Hamburgers and chips for dinner tonight (no salt, vinegar and tomato sauce). He spent the meal glaring at Vern and muttering curses under his bad breath. Eventually he stormed out of the dining hall without so much as touching his chips. It may just have been the light, but I could have sworn that I saw the hint of a smirk curling around the corner of Vern’s lips.
22:45 Bert woke me up and said that somebody was shouting from downstairs that I had an urgent telephone call. My heart sank as I remembered my father. (Was this his final phone call before his imprisonment?) I stumbled down to the phone room and discovered a note pasted above the telephone: Meat me in the storeroom under the stares. Mad Dog. (With spelling like that he needn’t have signed his name.)

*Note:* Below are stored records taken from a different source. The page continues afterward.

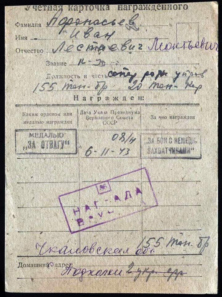 Мне позвонили из поисковой организации, - написала в сети растроганная до слез женщина. - Это мой дед, Афанасьев Иван Леонтьевич. Его жена - моя бабушка Анастасия Ларионовна. Мне переслали фотографии медали и наградой лист! Огромное вам спасибо за ваш труд и память! - обратилась наша землячка к отряду.
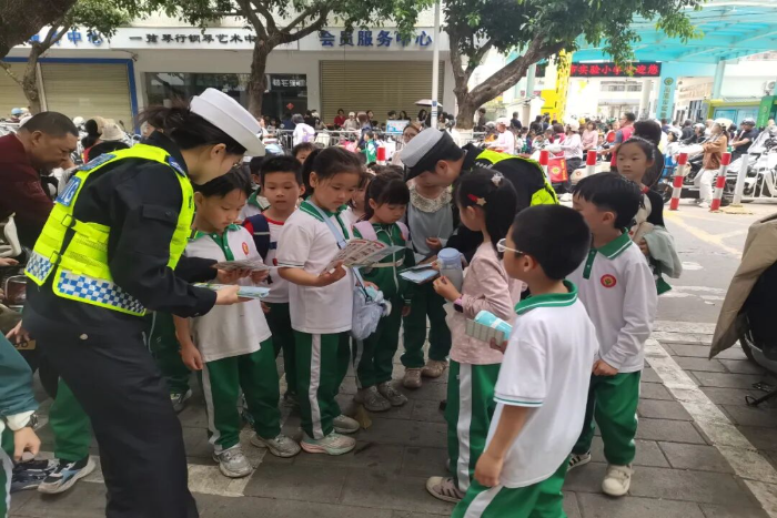 同时,民警利用家长等候接送的契机,积极向前来接送学生的家长及离校学生开展面对面宣传,发放交通安全资料,结合典型事故案例,深入浅出讲解摒弃交通陋习、遵守交通法规的重要性,倡导“早点走、靠右行、慢慢开”的安全出行理念,引导广大师生及家长树牢“安全第一”的理念,自觉做到文明安全出行。
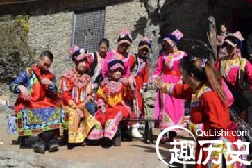 鞭炮声中,接亲、送亲的队伍陪新娘离开山寨。途中每到一寨,炮手们总是放三炮,路过亲戚们的家门时,家家摆出玉米、麦子、黄豆粘成的糖块为客人接风、倒茶。
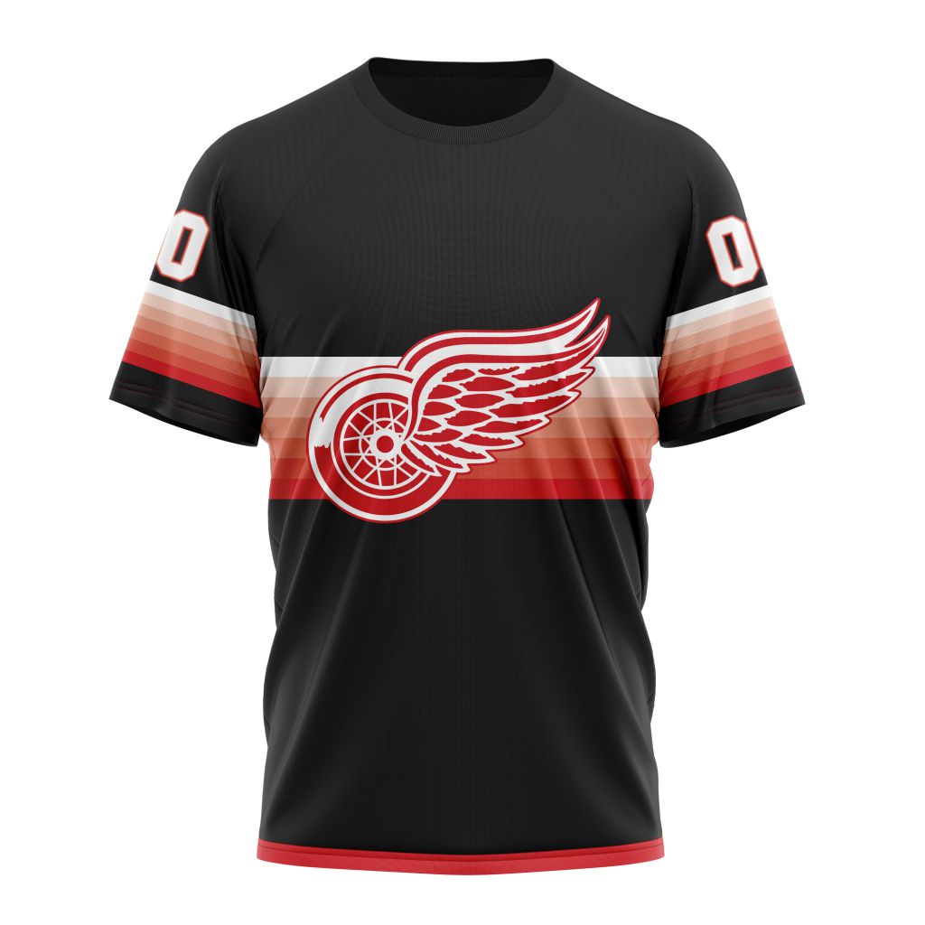 Detroit Red Wings Special Black And Gradient Design Personalized Name And Number T-Shirt

I crept past the room occupied by Gavin, the weird prefect who lives under the stairs, and opened the creaky door to the storeroom, which looked a bit like a dungeon. A flame burned in the far corner of the room, and standing over it was Mad Dog surrounded by feathers and holding the charred corpse of an impaled bird over a gas cooker.
‘Said you liked pigeon,’ he muttered and held the crispy bird out to me. I took a small bite. Mad Dog nodded and I nodded back and there we sat, nodding, grunting and chomping rock pigeons under the stairs in the middle of the night.
Saturday 22nd January
Woke up feeling nauseous – not sure if it was the rock pigeons or nerves about my first cricket match.
10:00 After hours of agonising terror our under 14A cricket team finally took to the field in our cricket whites and blue caps. Our opposition was Westwood College, who seem to have a rather dodgy age restriction. (The captain of their under 14 team arrived in his own car shortly before the match.)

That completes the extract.